Why families are concerned now, not later
What makes families particularly concerned is not just what the Thriving Kids and No Child Left Behind proposals say, but when and how they are being introduced.
Both the public report and the associated government briefings frame this reform as gradual, careful and responsive. But history tells families something different. Major system changes often begin before safeguards are fully in place, before workforces are ready, and before clear pathways exist for children whose needs fall outside neat categories.
Once children are diverted away from rights-based systems, it becomes very difficult to undo harm. Services close. Clinicians leave. Eligibility pathways narrow. Families are told to wait, to try harder, or to accept what is available rather than what is needed.
Families are not reacting to theory. They are reacting to lived experience of past reforms where “transition periods” became permanent gaps, and assurances did not translate into protection.
That is why families are paying attention now, before decisions harden into structures that are difficult to challenge or reverse.
Thriving Kids: Why families are paying close attention
When the Thriving Kids report was released, many families asked the same question:
Is this good news or another worry?
The goal sounds right.
Everyone wants children to get help earlier and grow with confidence.
No one disagrees with that.
But systems don’t live on paper.
They live in kitchens at 7am, in classrooms with 28 kids, in therapy rooms with waitlists, and in families who are already tired.
The report leans heavily on information, parenting programs and online tools.
But families don’t come looking for advice.
They come because their child is struggling and they can’t do it alone.
Parents are already doing the work.
They’re managing appointments, negotiating schools, supporting siblings and holding everything together.
More responsibility without more support doesn’t build capacity.
It builds exhaustion.
The report also talks about children as “mild” or “moderate”.
But children don’t live in categories.
They live in bodies and nervous systems and classrooms and friendships.
A child can be called “mild” and still be drowning.
We are also worried about what happens to the services families trust.
Small local providers know the child, the school, the family.
They adapt as needs change.
If those services disappear under new rules, they won’t be replaced quickly.
Sometimes they won’t be replaced at all.
And then there’s the quiet shift underneath it all.
From individual support to shared programs.
From rights to availability.
From “this is your child’s plan” to “this is what exists in your area”.
That is not a small change.
That is a different kind of system.
We support early help.
We support strong communities.
We support children thriving.
But thriving doesn’t come from thin programs and heavy expectations.
It comes from skilled people, trusted relationships and support that lasts long enough to matter.
Children don’t grow in policy frameworks.
They grow where people stay and build connections.
That’s what we are asking decision-makers to protect.
Thriving Kids is not failing because people don’t care.
It is risky because of how it is designed.
Early support should grow children’s rights.
Not replace them.
Safeguards must be built before systems change.
Not after harm happens.
Families are not asking for perfection.
They are asking not to be quietly pushed out of systems that once protected their children.

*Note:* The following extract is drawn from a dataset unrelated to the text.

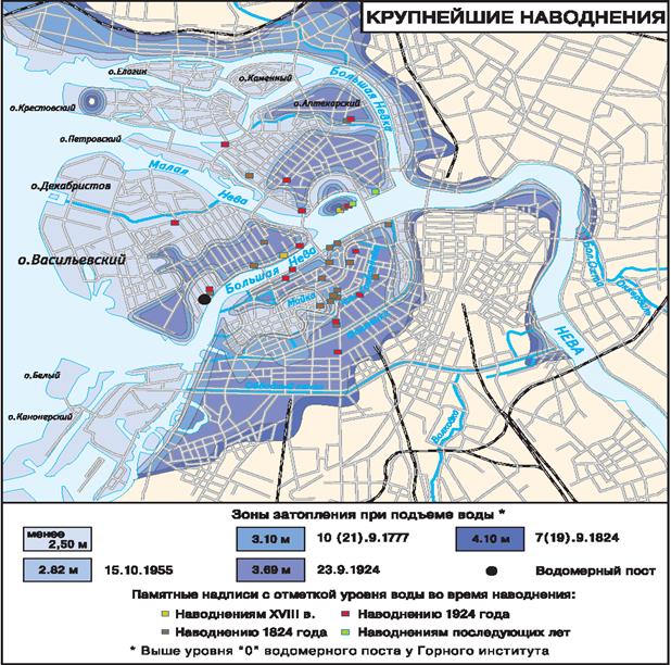 Рис. 1.1. Схема крупнейших наводнений в СПБ

Thriving Kids / No Child Left Behind - What families are asking
Q: What is Thriving Kids?
Thriving Kids is a new national system being designed for children under 8 with developmental delay or autism who are seen as having low to moderate support needs. It will sit outside the NDIS and be part of a broader group of programs called “Foundational Supports”.
Q: Is this meant to replace the NDIS?
The government says no. Children with high support needs or permanent and significant disability are expected to stay on the NDIS.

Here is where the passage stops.